# stick ( manual transmission ) BMWs???



## DACZ4 (Apr 22, 2013)

I bought a 2014 Z4 35i for fun, half the fun is the 6 Speed MT, the other half is driving with the roof down! I test drove the 2014 Z4 35is which only comes in automatic with manual paddle shifters. I did not feel that it was a true roadster! You need the clutch to get that true roadster feeling. I guess I am old school.


----------



## lib (Dec 24, 2001)

DACZ4 said:


> I bought a 2014 Z4 35i for fun, half the fun is the 6 Speed MT, the other half is driving with the roof down! I test drove the 2014 Z4 35is which only comes in automatic with manual paddle shifters. I did not feel that it was a true roadster! You need the clutch to get that true roadster feeling. I guess I am old school.


I couldn't agree more...

How was the steering in the 2014? It's electronic right?

I feel a bit stupid for not test driving a Z4 while waiting for our X3 to be readied.... but I don't expect I'll get one in the next 15-18 years as my wife and I are just starting our family. :angel:


----------



## DACZ4 (Apr 22, 2013)

Yes the steering is electronic and I do not have any issues with it. But I do not run the Z on a track. Just a pure pleasure roadster:thumbup:


----------



## lib (Dec 24, 2001)

DACZ4 said:


> Yes the steering is electronic and I do not have any issues with it. But I do not run the Z on a track. Just a pure pleasure roadster:thumbup:


I am really impressed with the feel of the electronic steering. And if anyone were to complain I would expect it to be from a Z4. Good to hear :thumbup:


----------



## eazy (Aug 20, 2002)

One thing I notice when I was in Germany this past May was that most e46 & e90 on the road were manuals however the f30 the autos were the majority


Sent from BimmerApp mobile app


----------



## Andrew*Debbie (Jul 2, 2004)

Tom K. said:


> According to the BMWUSA brochure I just received, the current US models available with the 6 MT are:
> 
> 1 Series - All
> 3 Series - All except Diesels, Wagons and GTs
> ...


Don't forget MINI 

Here in the UK, MT is available on X1, most 3 series including diesels and wagons, some 5ers and most X3s.


----------



## DaWards (Dec 18, 2004)

*the dirty, with a safe*



kmorgan_260 said:


> Wow, I didn't know you could get a 750i with a stick.


indeed! and that is why the 750 has been retired for '13 535 MT. i try to be open minded and always curious about new technology, i have tried automatics in all flavors and keep going back. for me driving an AT is like s** wearing a con*** ( they cen***ed that before ).

:freakdanc


----------



## DaWards (Dec 18, 2004)

*factual and to the point*



Tom K. said:


> According to the BMWUSA brochure I just received, the current US models available with the 6 MT are:
> 
> 1 Series - All
> 3 Series - All except Diesels, Wagons and GTs
> ...


thank you for the reply, my understanding is that you cannot get the 550 MT, certainly in '14 and maybe in '13? as your chart suggests, the M6 gran coupe can be had mit MT.

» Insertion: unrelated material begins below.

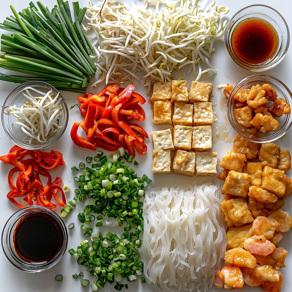 Gathering simple yet essential ingredients is the first step toward creating this mouthwatering dish. Each component plays a critical role: the flat rice noodles provide a tender, chewy base; the sauces infuse depth and savoriness; and the fresh veggies and proteins add texture and color, making your plate both beautiful and delicious.

i appreciate your reply, factual and to the point. spot on.

:thumbup:


----------



## DaWards (Dec 18, 2004)

Keyser Soze said:


> 528/535 both have 6 speed MT's available. I honestly can't recommend them on cars this heavy, isolated and complicated though, and I wouldn't order one with it again as it doesn't really add anything to the driving experience, is slower, and gets worse mileage. 5 years ago I never would have said this but the new auto's are comparable or better than an MT now on these larger cars, at least IMO. You look like a cupholder enthusiast as well and the MT versions only have a single, poorly placed one (right in the way of the idrive controller


valid points all :thumbup:, i appreciate the views of a fellow enthusiast with well reasoned shared thoughts.

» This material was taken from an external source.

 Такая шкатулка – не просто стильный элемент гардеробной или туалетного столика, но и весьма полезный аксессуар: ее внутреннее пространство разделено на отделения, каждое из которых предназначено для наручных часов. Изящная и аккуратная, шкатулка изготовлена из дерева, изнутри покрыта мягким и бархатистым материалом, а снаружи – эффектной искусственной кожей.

the photo is of a run on the high desert traveling to Santa Fe, thus prudent hydration. my friend was driving and excitedly celebrating driving 100 mile per hour, a first for him. thus the photo.

we later easily, effortlessly, and with total comfort and lack of drama, reached 120+, limited only with my lack of confidence in my left front tire.

i haven't experienced any problem with my '13 535 MT cup holder, except 2 days of figuring it out, pilot error. it holds my beer perfectly now as i joyously alive wind through the gears on the back roads of Oregon. YEOW! see my posts on 5 series dawards! :roundel:

cogito ergo zoom


----------



## JeffInSeattle (Mar 1, 2005)

I'm holding out in pretending that manuals still matter, just ordering my 3rd 6-speed BMW this past week; BMWUSA seems to be finally coming around to the market realities here and just dropping the ZMT option on so many lines. A lot of the new tech, stop-and-go radar, EcoPro, better mileage do all seem to be tied up to these modern autos that are quite fancy, just a little less engaging.

I figure my next car in another half decade will probably be some sort of slick new generation of Tesla roadster, mid-size sedan or maybe some BMW all electric option, and so then the transmission point will be mute.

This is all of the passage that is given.